A dedicated educator, Margaret ended her teaching career as a tenured full professor at Springfield Technical Community College where she taught writing courses and organized Ovations, a popular series that brought writers to STCC for talks and workshops. Margaret achieved the college's highest honors for her work, including in 2001, the Joseph J. Deliso, Sr., Endowed Chair for excellence in teaching. Although she had taught in many settings in this country and in others, Margaret always said that community college teaching was her favorite; she enjoyed working with students from ages 16 to 80, and of all ethnic backgrounds.
Born in 1949 in Winterset, Iowa, Margaret was the eldest of seven children. Her friends and family recall fondly her tale of twirling a flaming baton at her high school homecoming game. Margaret graduated from the University of Iowa at 19 with a bachelor's honors in English and earned an master's from the University of Wisconsin and a master's of fine arts degree from the University of Massachusetts Amherst.
Margaret had an abiding passion for social justice. In 1973, Margaret and her husband joined the Peace Corps. En route to their assignments in Congo, their plane stopped in Uganda for refueling where Idi Amin ordered the entire planeload of American volunteers taken hostage. The episode ended peacefully, and the Szumowskis served in Congo for a year before being transferred to Ethiopia for another year. They also worked in the Rio Grande Valley before moving to Massachusetts. Intrepid and curious travelers, the Szumowskis continued to explore and learn from the world for years. Many of Margaret's poems reflected her wide ranging and hard earned knowledge of global complexities as well as her incisive explorations of individuals' inner landscapes.

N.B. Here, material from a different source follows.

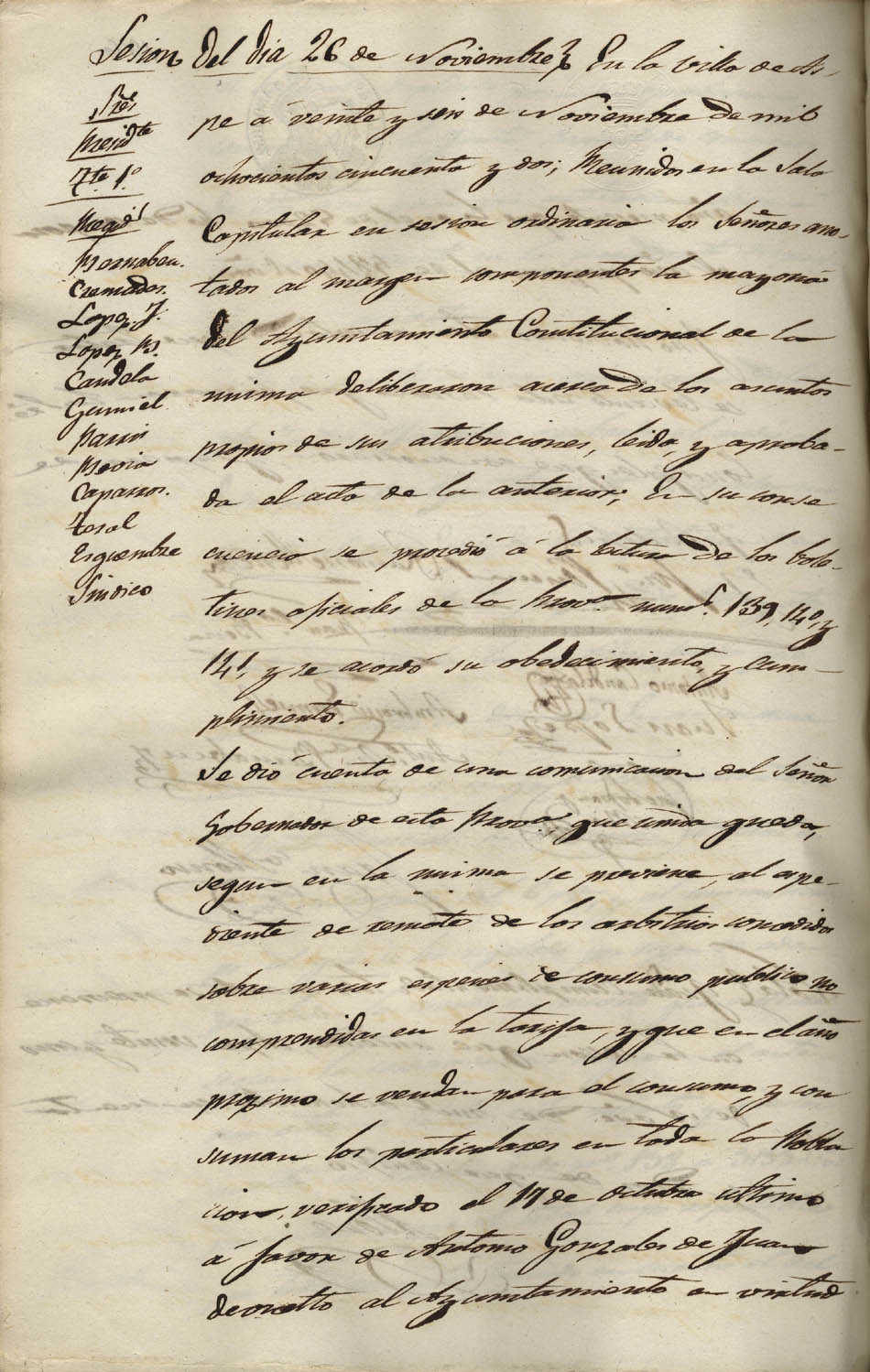Actas de Pleno, 1852

She shared her own education and experiences with her students, creating eclectic and diverse reading lists and assignments. And, as she often said, "she learned massively from them as well".
In addition to her husband and children, Margaret is survived by her mother, Mrs. Georgia Carson, a brother and four sisters, and many, many students and friends, all of whose lives were enlightened by her glowing presence.
A memorial poetry reading to celebrate her life and work will take place Sunday, Nov. 10, at 2 p.m. in the Amy H. Carberry Gallery, on the first floor of Building 28, on the Springfield Technical Community College campus.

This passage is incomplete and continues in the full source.